Characterization of biosurfactant lipopeptide and its performance evaluation for oil-spill remediation

Abstract

Biosurfactant lipopeptide is a promising dispersant over varieties of chemical ones in oil-spill remediation. The toxicity, biodegradability and performance of the biosurfactant lipopeptide are studied in this paper.

---

Dispersants were globally applied to physico-chemically enhance the dispersion of oil in water and were assumed to stimulate oil biodegradation by indigenous microorganisms and to reduce the environmental impact of oil spills.^1,2 Since the 1960s,^3,4 chemical dispersants have been applied as an emergency response to oil spills in marine ecosystems,⁵ and have showed effectiveness at removing oil slicks from the coast.^3,6,7 However, most of the chemically synthesized dispersants are inherently toxic to various aquatic species and hardly biodegradable in the natural environment.^2,8 The application of chemical dispersants in the 2010 Gulf of Mexico oil spill also raised concerns regarding the toxicity and the potential environmental impact,^9,10 and caused a debate about the effectiveness of chemical dispersants on the rates of oil biodegradation.¹¹ Biosurfactants are promising dispersants in oil-spill remediation, owning to their environmentally friendly and biodegradable properties.¹² Chemical surfactants could be replaced with biosurfactants and this change would diminish the environmental impact of traditional dispersants.^8,13,14 Lipopeptide produced by microorganisms is one of the representative biosurfactants and has showed great potential applications in food,¹⁵ medicine,¹⁶ microbial enhanced oil recovery,¹⁷ and other fields.¹⁸ Nevertheless, the knowledge about the application of biosurfactant lipopeptide in marine oil-spill remediation is still limited.

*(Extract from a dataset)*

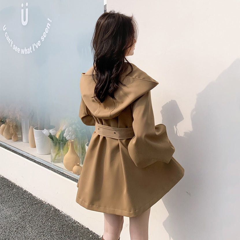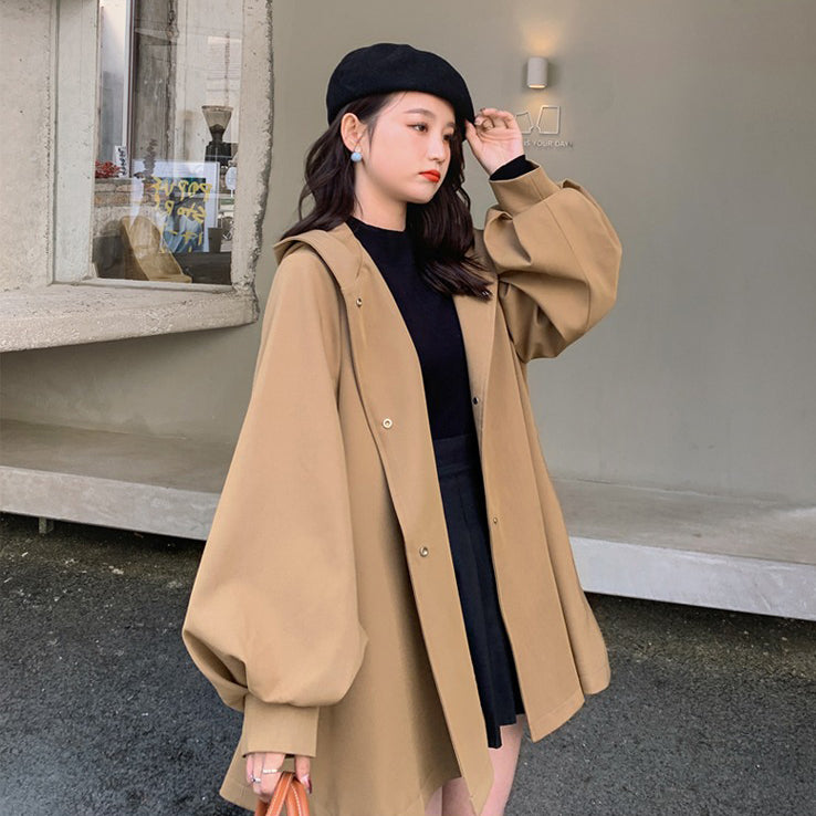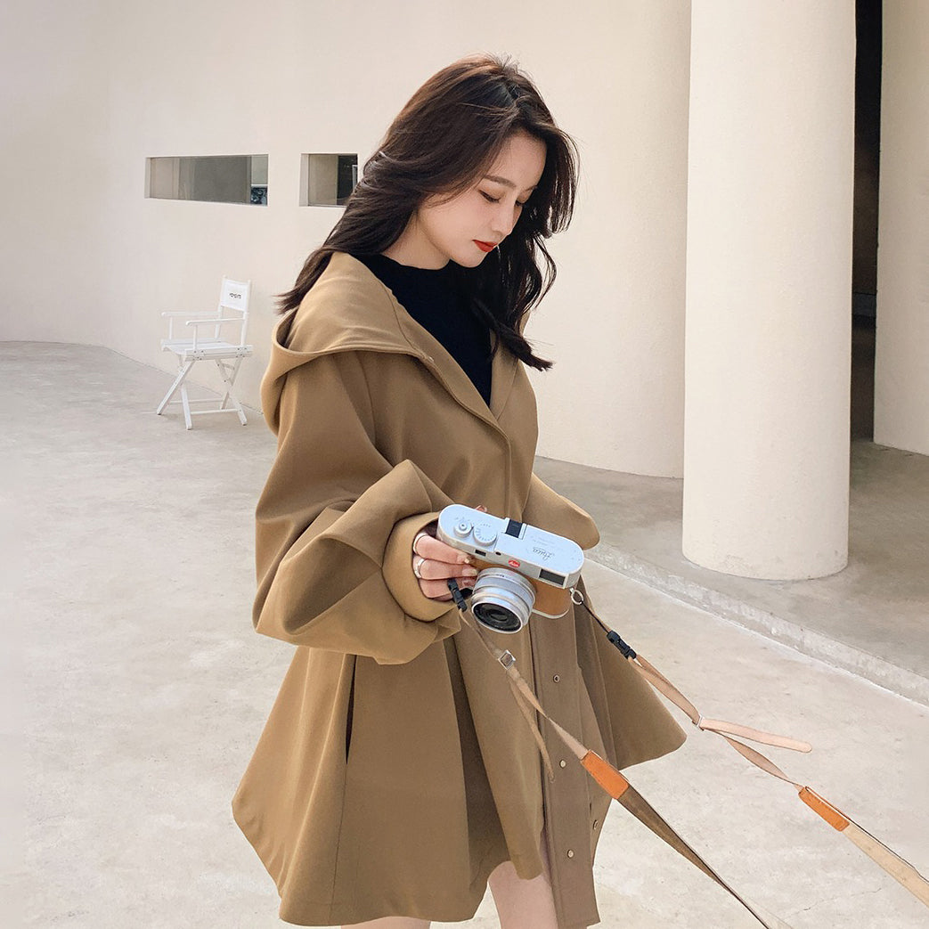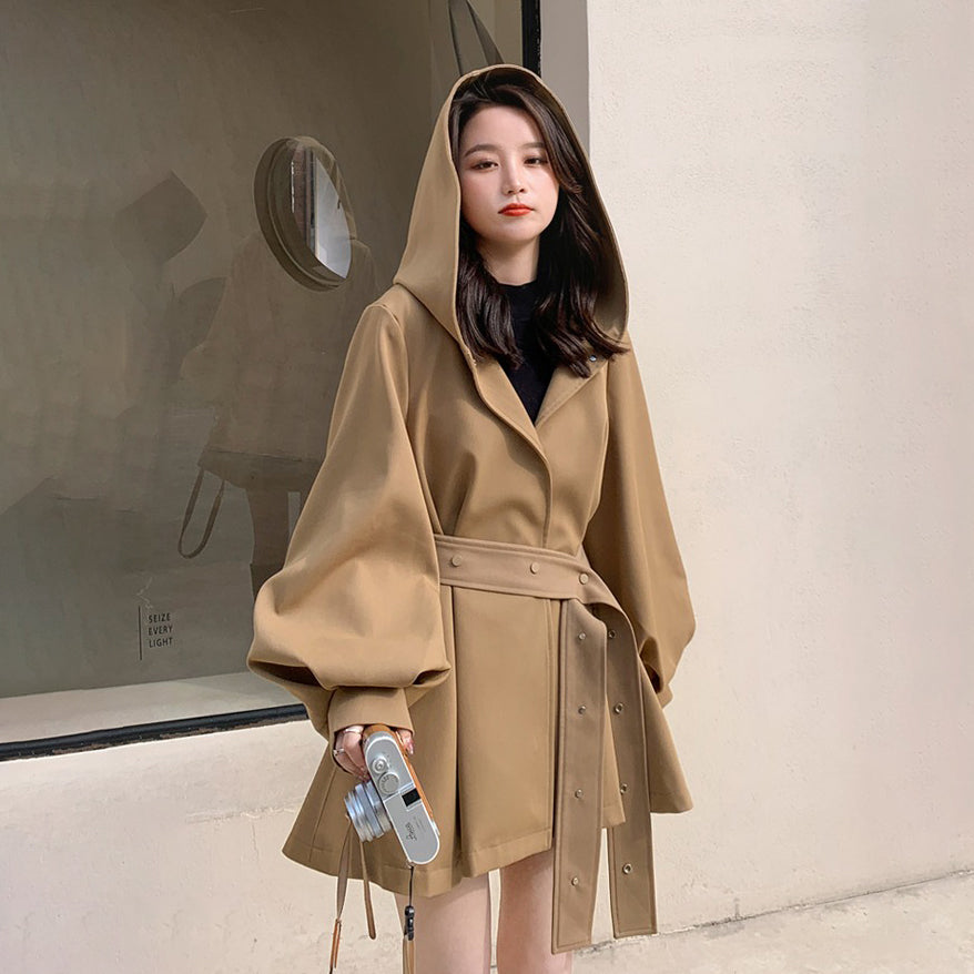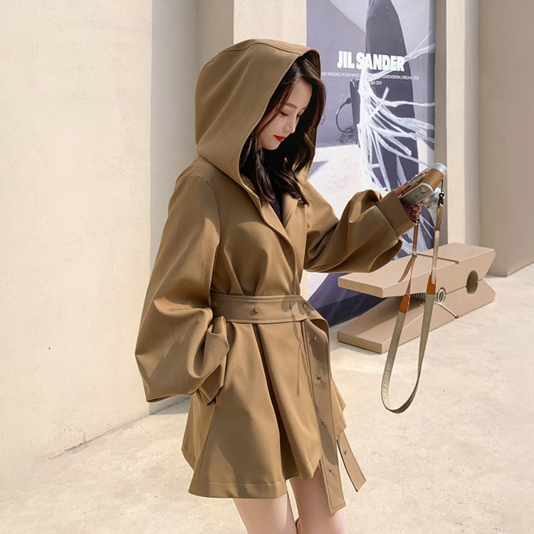 【アウター】独特なデザイン感 カーキ カジュアル フード付き トレンチコート レディース 超人気 おしゃれ ミドル丈 コート【JZシリーズ】

In the present work, the dispersion effectiveness, aquatic toxicity, biodegradability and environmental compatibility of the biosurfactant lipopeptide were determined using recognized standardized methods,^19–23 and the biosurfactant lipopeptide used as a bio-dispersant for marine oil-spill remediation were studied, which is, to the best of our knowledge, the first report about biosurfactant lipopeptide used in oil-spill remediation.

The lipopeptide samples were isolated from cell-free broth of B. subtilis HSO121 at our laboratory.²⁴ The typical chemical structure of the lipopeptide used in the study was shown in Fig. 1 and its critical micelle concentration (CMC) was 8.69 × 10⁻⁵ mol L⁻¹.

Fig. 1 Typical chemical structure of lipopeptides (a) and the surface tensions of lipopeptides respect to concentrations (b).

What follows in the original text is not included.